**What you need to do:**
Only the lines below from the one containing "Und die Kamele" through the one containing "Два часа са нужни да презаредите батерията." belong in the answer, set down exactly, with the pictures left out.

**Excerpted data:**
____________________
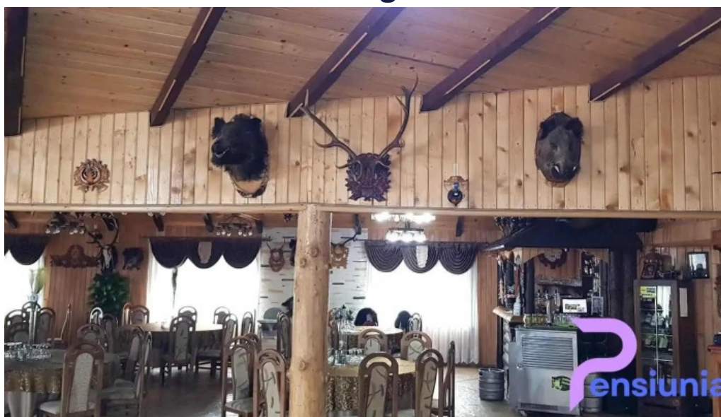
Hanul van?torului p?ltinoasa
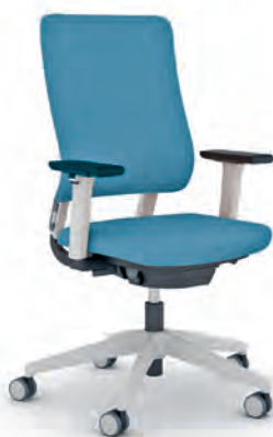
Task chair Bureaustoel

Het Drumback programma omvat professionele zitoplossingen voor diverse toepassingen. Naast de bureaustoel voor de standaard werkplek biedt de Drumback-serie ook speciale oplossingen in dezelfde look, zoals verhoogde counterstoelen, die formeel gebaseerd zijn op de kantoor- of conferentiestoel, en een NPR-variant, die dankzij een groter verstelbereik geschikt is voor een grotere groep binnen de beroepsbevolking en bijzonder geschikt is voor flexwerkplekken en bijvoorbeeld call-center werkplekken.
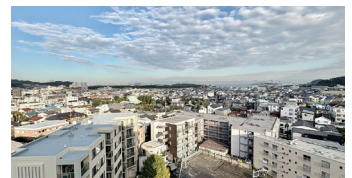
▲八景島・海の公園を望む絶景
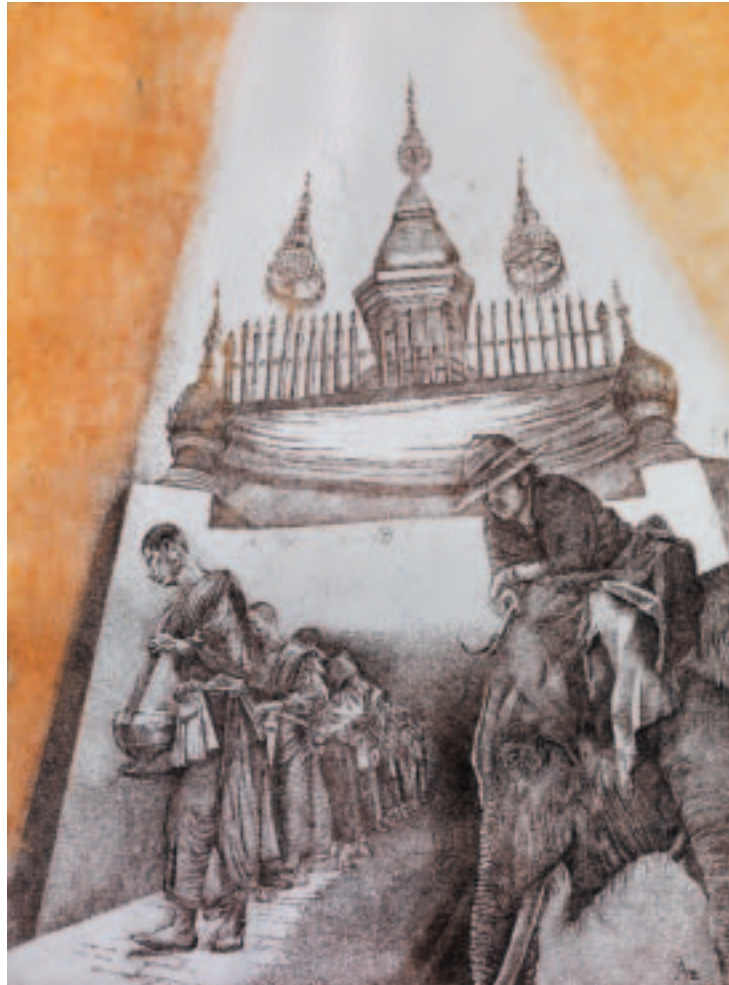
Luang Prabang. Oxygraphy depicting Buddhist monks in Laos. Dimensions: 30x40 cm.
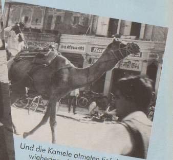
Und die Kamele atmeten tief durch und wieherten, dass die Höcker zitterten.
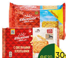
Печенье ЮБИЛЕЙНОЕ витаминизированное традиционное; с овсяными хлопьями, 268 г
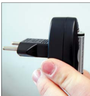
Два часа са нужни да презаредите батерията.

или поне да намалят цигарите. Новото електронно чудо предизвиква истинско изумление у околните и може би поради тази причина е особено любимо на богатите жени, свикнали да са център на внимание. Най-ценното обаче е, че не съдържа
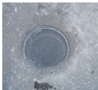
Ummistunud katusekaev talvel. Lähijäätumisel võib katusekaev puruneda. Tuleb veenduda, et kaevu küttegaabel on talvel sisse lülitatud.
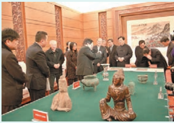
■文物劃撥儀式現場。

香港文匯報訊（記者江鑫網北京報道）國家文物局日前將近年來徵集的商代饕餮紋方彝、南宋夏圭《秋郊歸牧圖》冊頁等11件珍貴文物劃撥中國國家博物館收藏。預計在不久的將來，前往國博參觀的觀眾將可在展廳一睹這批文化遺產的風采。據介紹，是次劃撥的文物包括商代饕餮紋方彝、西周公簋、西周作冊吳盃、春秋戰國虎形玉珮、北魏砂岩半身佛像、宋代褐漆觀音菩薩坐像、南宋夏圭《秋郊歸牧圖》、《柳陰牧笛圖》冊頁、明萬曆款五彩穿花龍出戟花觚、清康熙辛丑款銅胎畫琺瑯花蝶團句杯（2件）等，涉及古代繪畫、瓷器、玉器、青銅器和雕塑造像等門類，為中國商周至明清時期文物珍品，具有很高的歷史、藝術和科學價值。其中，北魏砂岩半身佛像具有雲崗三期（北魏）「秀骨清像」的典型特點，頭、頸、胸、臂保存基本完整，具有較高藝術價值。雲崗石窟流失雕像雖多，但因其砂岩材質極易風化，留存至今的非常少見，且雲崗三期作品目前存世完整者少。這一件文物也彌補了國家博物館藏佛像造像收藏的空白。西周作冊吳盃內底鑄有銘文，6行60字，銘文有損。主要記載了作冊吳參加周王執駒典禮並得到賜駒一事。該盃流嘴較長，流對稱處有一虎首鑿，腹下有三足。國家文物局副局長宋新潮表示，國家文物局一直高度重視流散文物的徵集和保護工作，近年來在中央財政的大力支持下，通過規範運作，徵集了一批各類別文物。是次劃撥國家博物館的11件文物，是歷年徵集文物中的精品。相信這批文物能在國家博物館中得到很好的保護和展示，國博應是這批曾經流散漂泊的文化遺產的「最佳歸宿」。
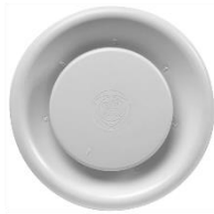
afzuigventiel van mechanische ventilatie
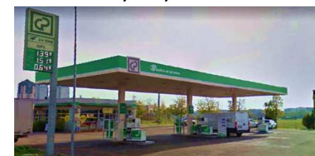
VIMERCATE (MB), Via Villasanta "anche GPL"
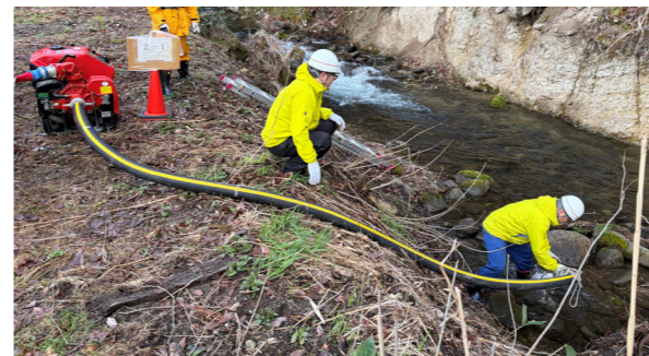
河川を水利と想定した訓練(高野区)

空気が乾燥し、火災が発生しやすい季節になりました ので、火の取り扱いには十分注意し、火災予防の徹底 をお願いします。
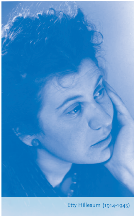
Etty Hillesum (1914-1943)
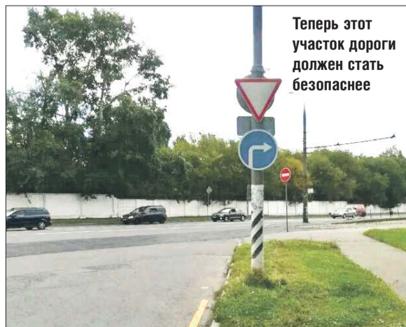
Теперь этот участок дороги должен стать безопаснее
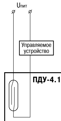
Рисунок 4.2 – Подключение датчика
____________________
**Final answer:**
Und die Kamele atmeten tief durch und wieherten, dass die Höcker zitterten.
Печенье ЮБИЛЕЙНОЕ витаминизированное традиционное; с овсяными хлопьями, 268 г
Два часа са нужни да презаредите батерията.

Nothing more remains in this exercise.